Starting at the top of the entries below, write out each line up to and including the one containing "This cushion~cut yellow". Leave the pictures out.

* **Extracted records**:
====
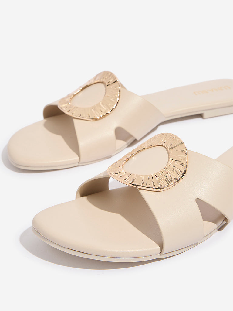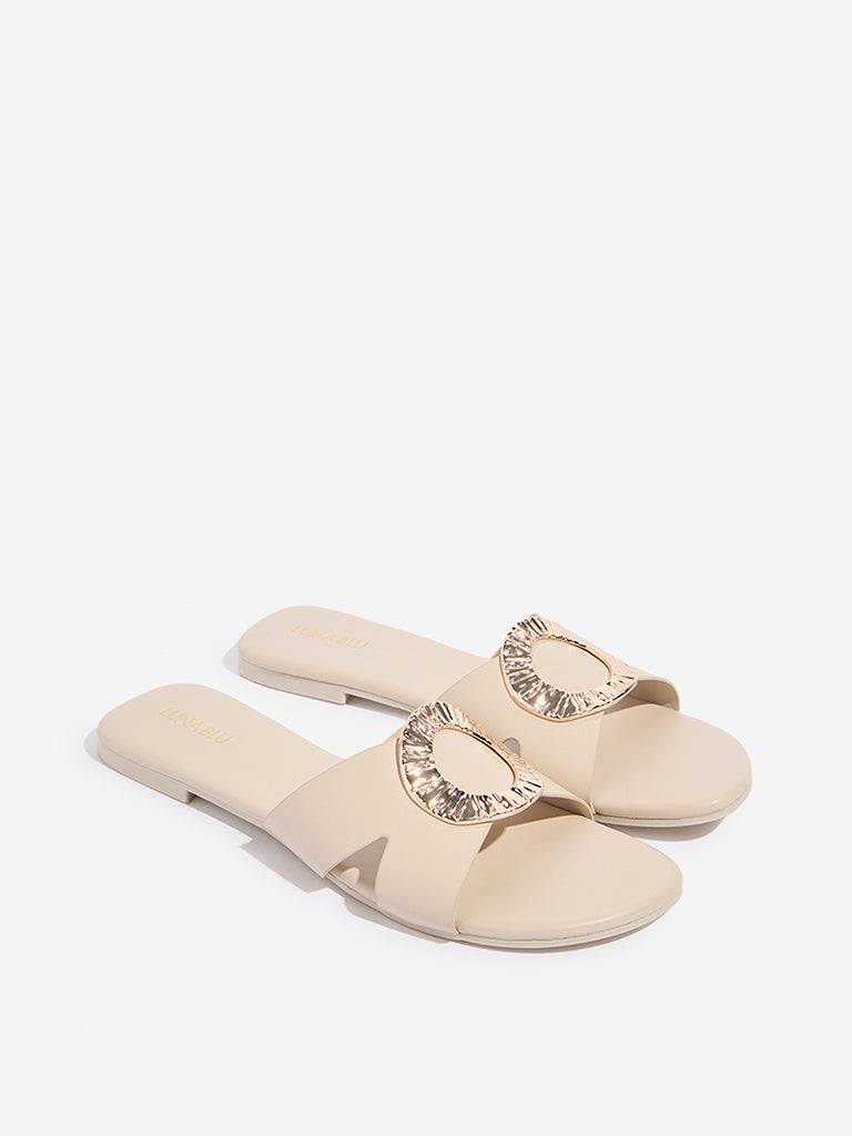 These stylish slides by Luna Blu feature a beige vinyl strap upper with a chic cut-out design. accented by a round textured gold-tone hardware detail. The soft insole and durable outsole ensure lasting comfort with every step.
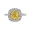This cushion~cut yellow diamond double halo ring is a romantic fusion of sunlight and starlight, known as the "Kiss of the Sun" in the world of colored gemstones.
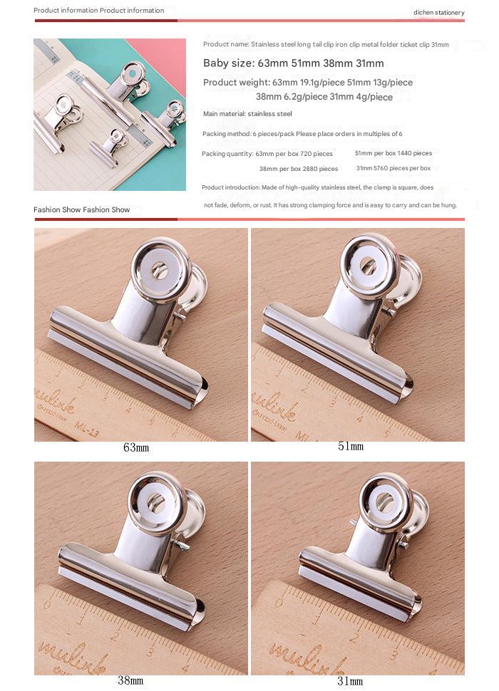 Enhance your document management system with our Premium Stainless Steel Paper Clips available in multiple sizes for various needs. Constructed from top-notch stainless steel, these binder clips offer durability and resistance against corrosion, making them a reliable choice for long-term usage. Each size, including 63mm, 51mm, 38mm, and 31mm, caters to different document thicknesses and volume, providing a strong, secure grip to ensure that your papers and receipts stay firmly in place. This makes them ideal for use in various settings such as offices, schools, or personal workspaces. The bulk pack options provide great value, helping you to stay prepared for any organizational tasks without frequent restocking. Whether you're sorting, securing, or grouping documents, our clips are the perfect tool for efficient paper management.
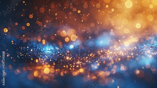 Golden and blue glittering bokeh lights on a dark background, evoking a magical and festive atmosphere.
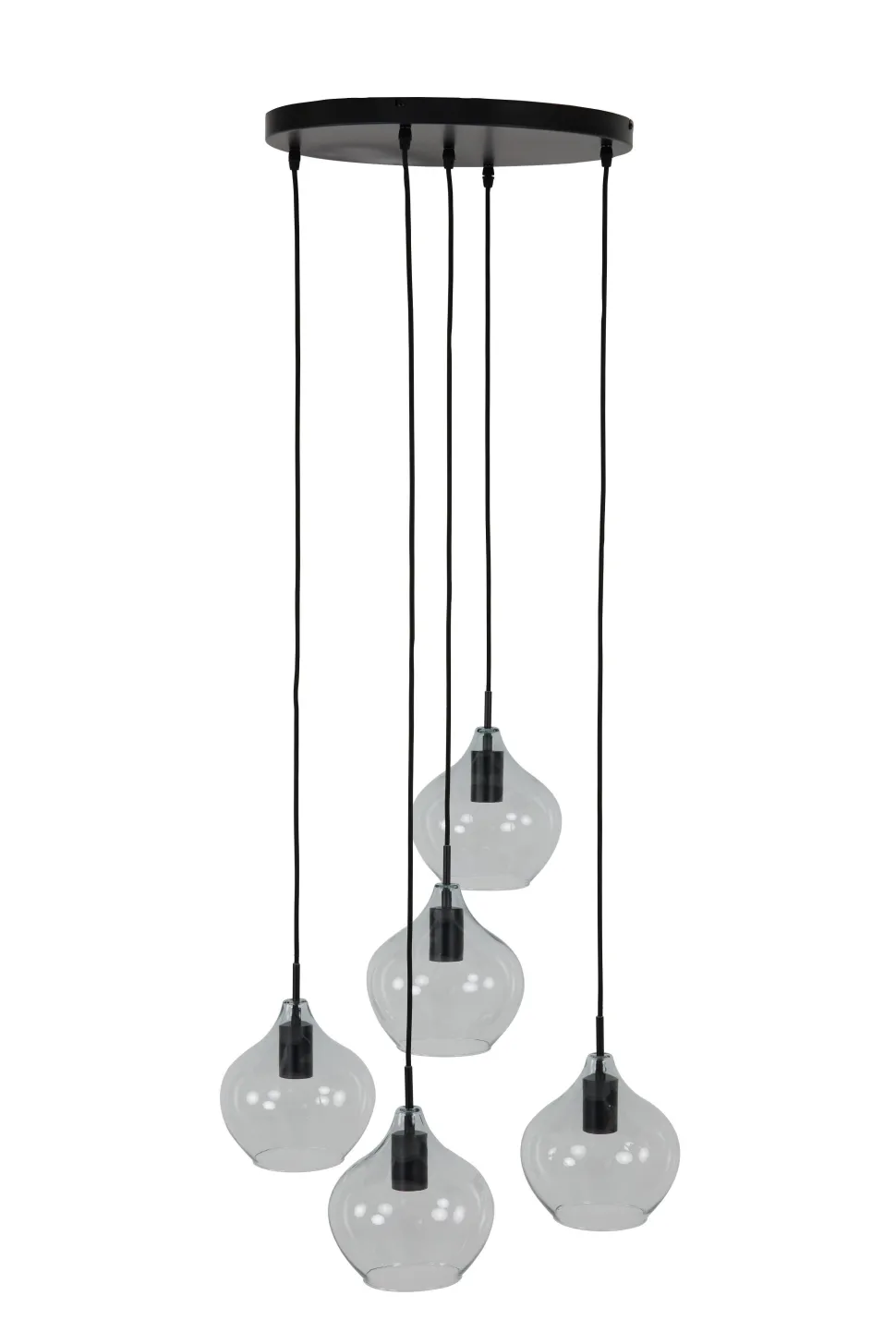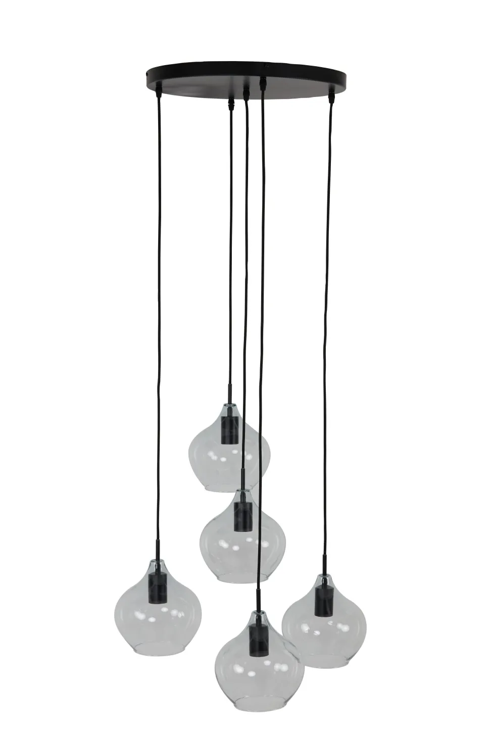 Deze Ronde Hanglamp Rakel Heeft Een Stijlvolle Uitstraling En Valt Op Door De 5 Lichtpunten. Je Kan Zelf Bepalen Op Welke Hoogte Je Elke Lamp Individueel Zou Willen Hangen. De Combinatie Van Het Heldere Glas En De Mat Zwarte Fitting En Snoer Zorgt Voor Een Mooie Toevoeging In Een Modern Interieur. De Afmeting Van De Lamp Is O61X66 Cm. Dit Product Is Van Het Nederlandse Merk Light & Living. Light & Living Is Een Toonaangevend Merk In Verlichting, Woonaccessoires En Klein Meubilair.
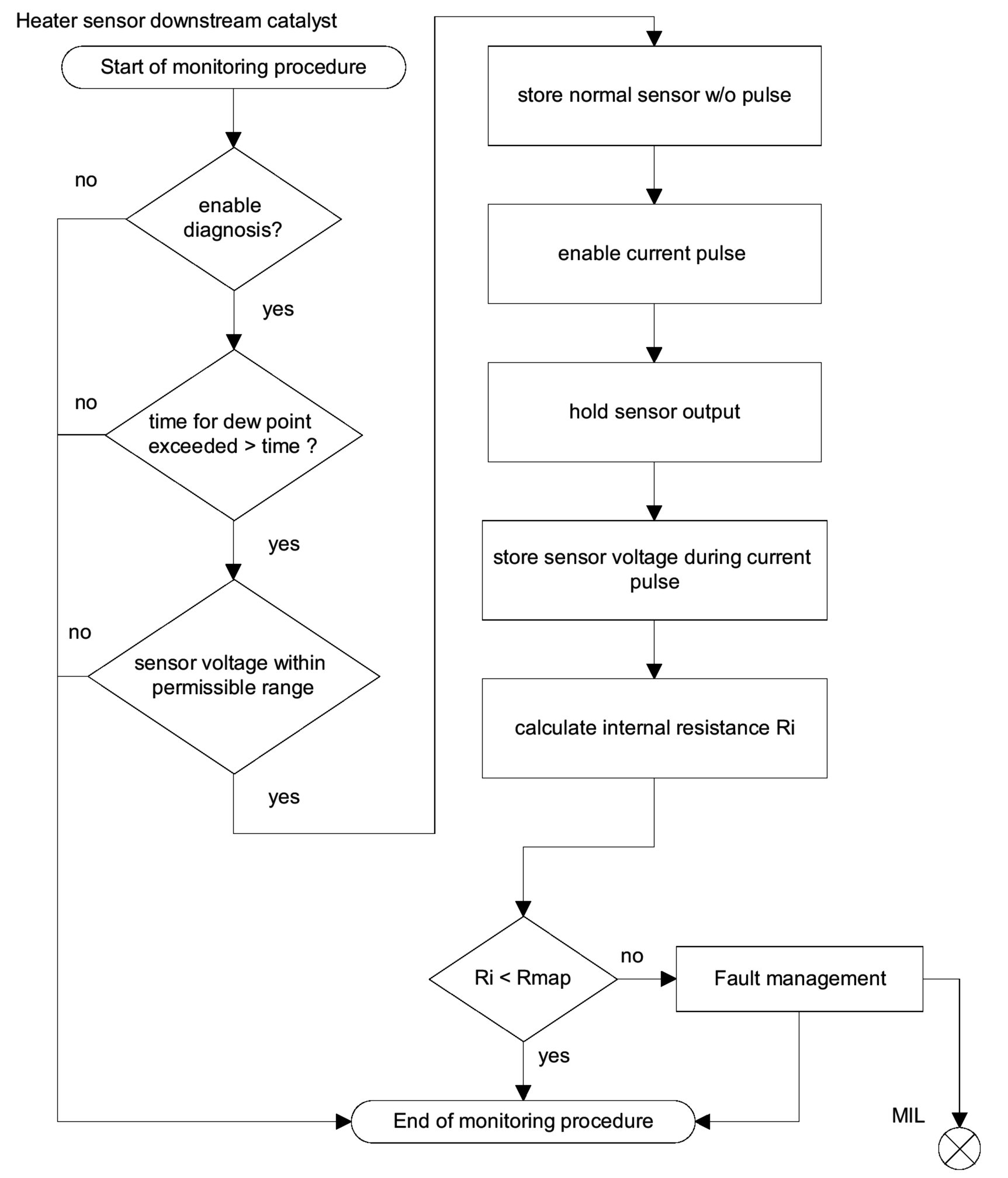 For diagnostic of the sensor heater a specific current pulse is supplied via a load resistance and the voltage is measured. The intern resistance of the sensor heater is calculated with the voltage deviation. The result will be compared with a reference map resistance, which considers aging and sampling deviations. In case of internal resistance > map resistance the diagnosis stores a fault and the MIL will be illuminated.
====
* **Problem solution**:
 These stylish slides by Luna Blu feature a beige vinyl strap upper with a chic cut-out design. accented by a round textured gold-tone hardware detail. The soft insole and durable outsole ensure lasting comfort with every step.
This cushion~cut yellow diamond double halo ring is a romantic fusion of sunlight and starlight, known as the "Kiss of the Sun" in the world of colored gemstones.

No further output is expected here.